You misunderstand the point of specific vocabulary.
We do not use the word “solipsist” to confuse you (or anyone else) nor to obfuscate meaning. It is not some arcane word only the initiates of the Secret Atheist Society get to learn. It is however much simpler and shorter to define “those people who think that nothing can be proven to exist beyond the existence of their own conscience & thoughts” as “solipsists”, and use that word from then on. Lucky for us, people did that ages ago so we don’t have to invent a new word for the concept.
Just as, for example, a sailor will use “starboard” as a shortcut for “to the right, no I don’t mean your right you lubber, I mean the right side of the boat if we both agree that the pointy end is forward”.
“Regular words” are the vague ones, and the ones that complexify dialogue.

I would also add that, frankly, if you can’t be arsed to look up things you don’t understand, you shouldn’t expect your intellectual laziness to be taken seriously or gain you points on a forum at least nominally dedicated to fighting ignorance, starting with one’s own.

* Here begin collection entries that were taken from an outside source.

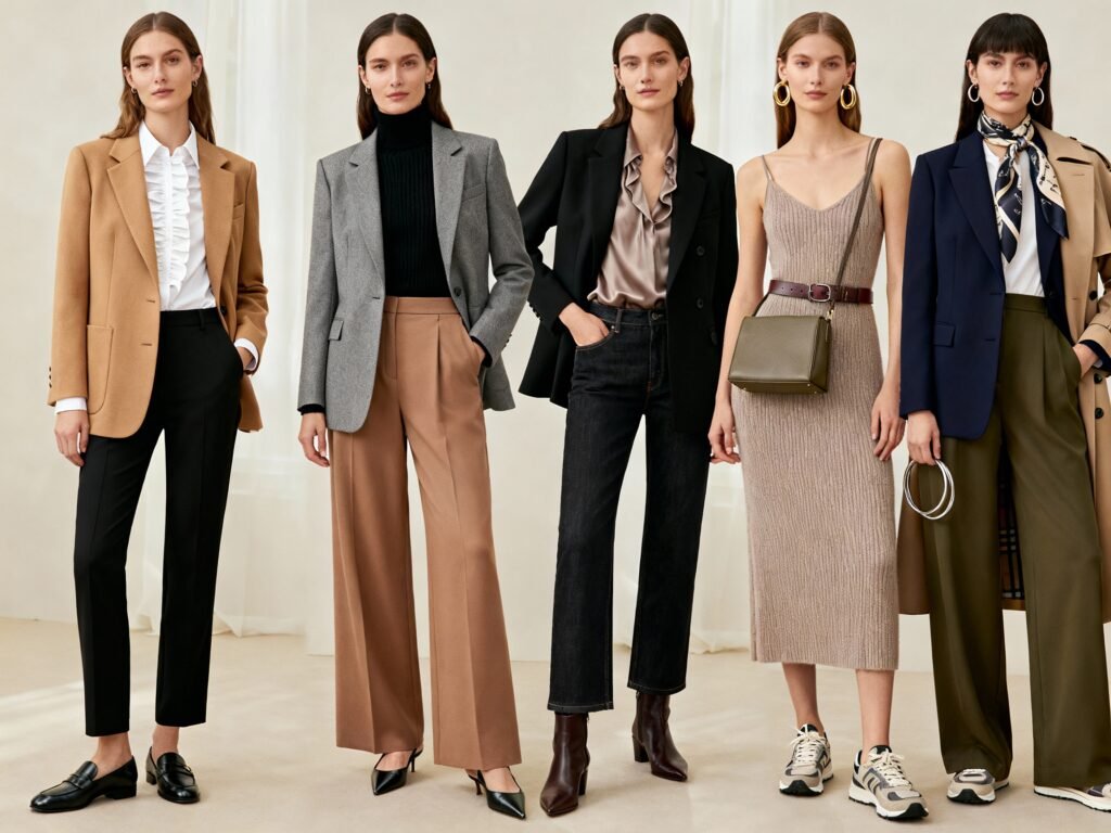 - Shoes: loafers, pointed flats, ankle boots, elegant sneakers.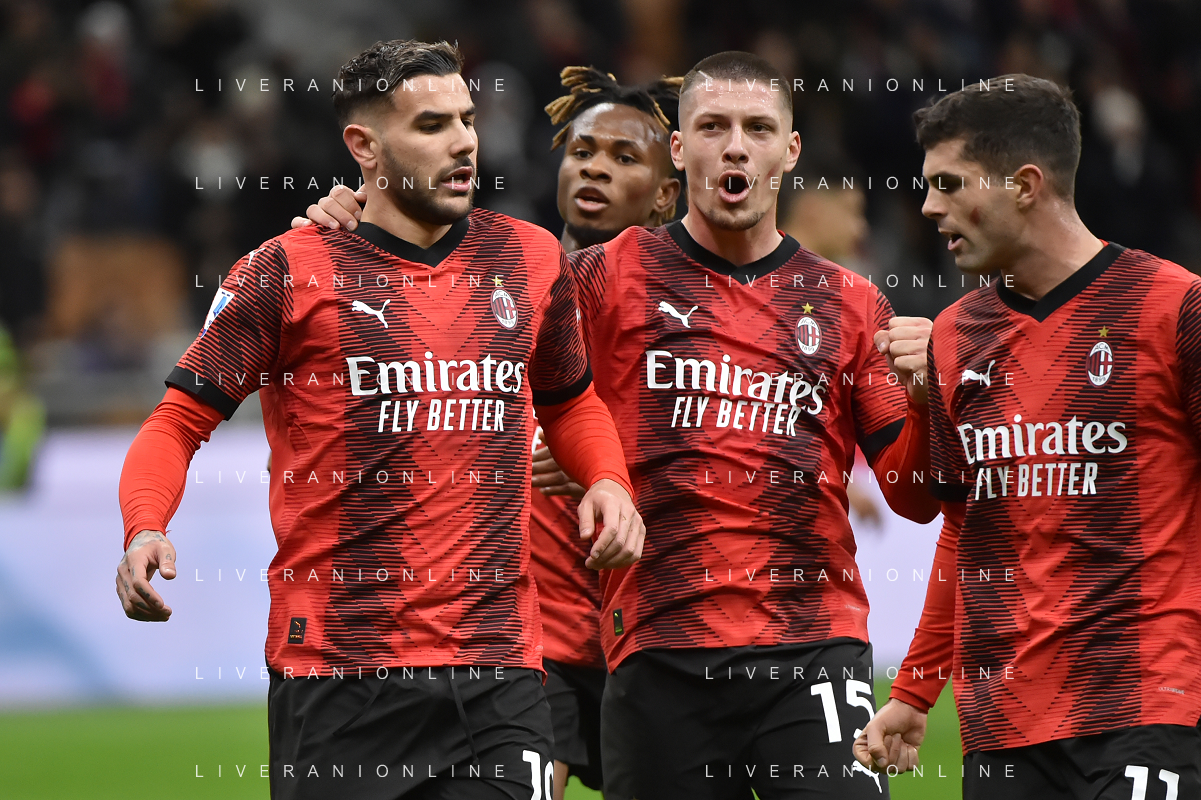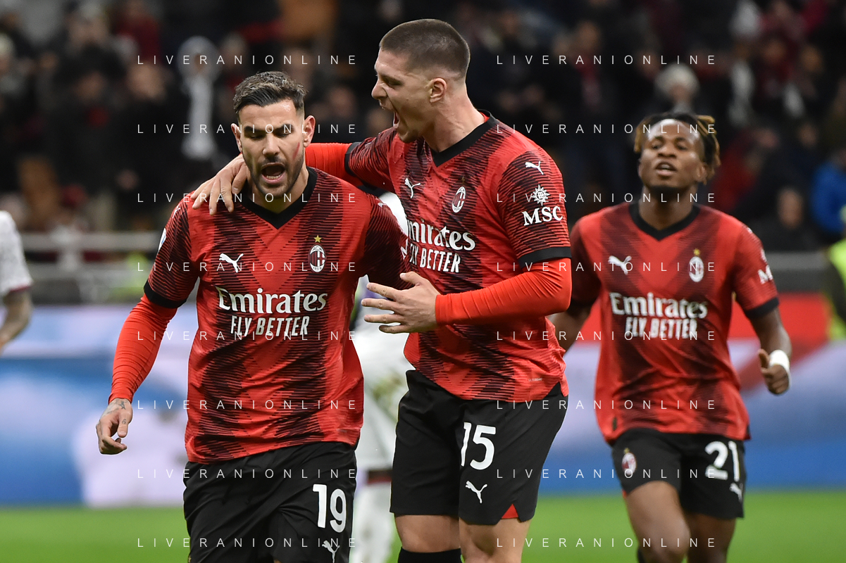 Milan vs Fiorentina nella foto Theo Hernandez (Milan) e Luka Jovic (Milan) esultano dopo il gol dell'1 a 0 Milano 25-11-2023 Stadio Giuseppe Meazza - San Siro Campionato Serie A TIM - 13a giornata foto Roberto Garavaglia/ag. Aldo Liverani sas/AGENZIA ALDO LIVERANI SAS
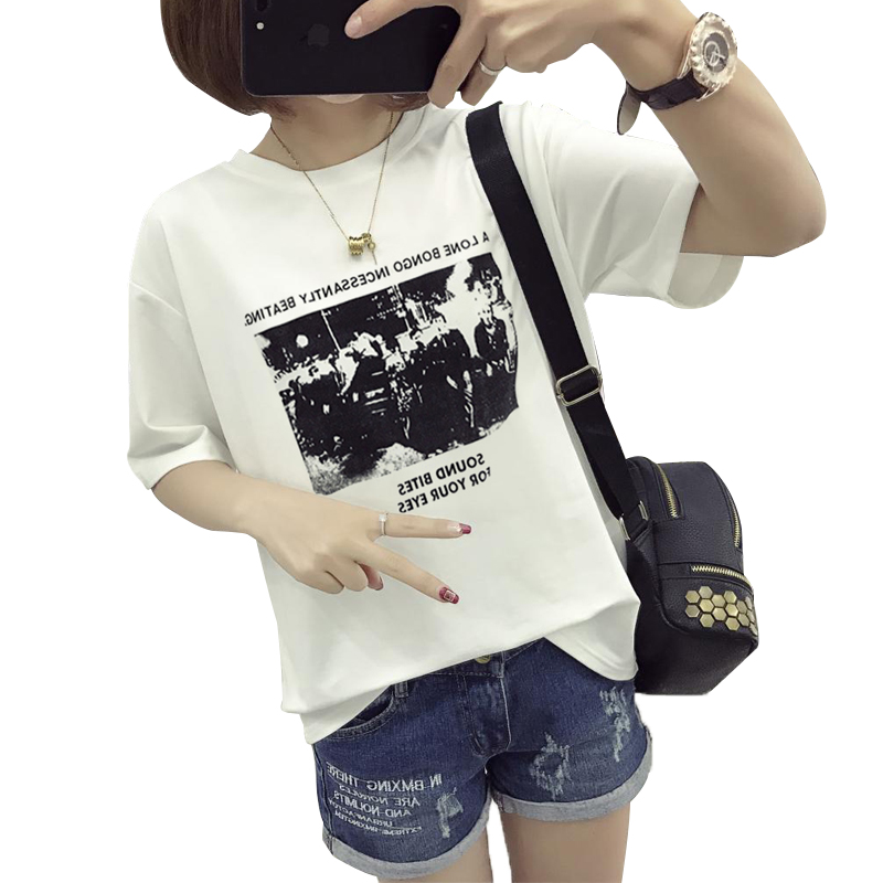 / 夏裝T恤女新款韓版寬松短袖上衣時尚印花打底體恤學生閨蜜裝

Mate, he’s not going to know that one.

Meh. The best argument for atheism is that theism is unable (and indeed uninterested in) proving any of its claims, so all tenets of all supernatural religions are equally arbitrary and a rational person has no reason to buy into any of them.

Jeez, I learned the word “solipsism” studying 1984 when I was 14. (Ontology and epistemiology I learned from the SDMB though).

My personal most compelling argument for atheism is “There are hundreds of religions out there, and despite what liberal religious people say, most are mutually exclusive. Prove that yours is more valid than theirs - without self-reference.” It’s that bit in italics that usually proves impossible.

ETA: this argument is made better, and in fewer words, by Bryan directly above my post.

My first most compelling argument is “that’s just silly.” It applies well to most religious stuff I encounter. My second-most compelling argument is very similar to yours, though, except that I point at the myriad other religions and use them as a basis for the statement “humans have a tendency to have what may be called religious experiences, but their interpretation of these experiences is wildly unreliable as a source of objective fact about anything.” Then I ask what makes theist X so special that their interpretations are reliable, given that they are a human, and humans’ interpretations of such things aren’t reliable.

Ok, that’s the second sentence of the Wikipedia article on solipsism. The first is “Solipsism is the philosophical idea that one’s own mind is all that exists.” What’s so complicated about that one?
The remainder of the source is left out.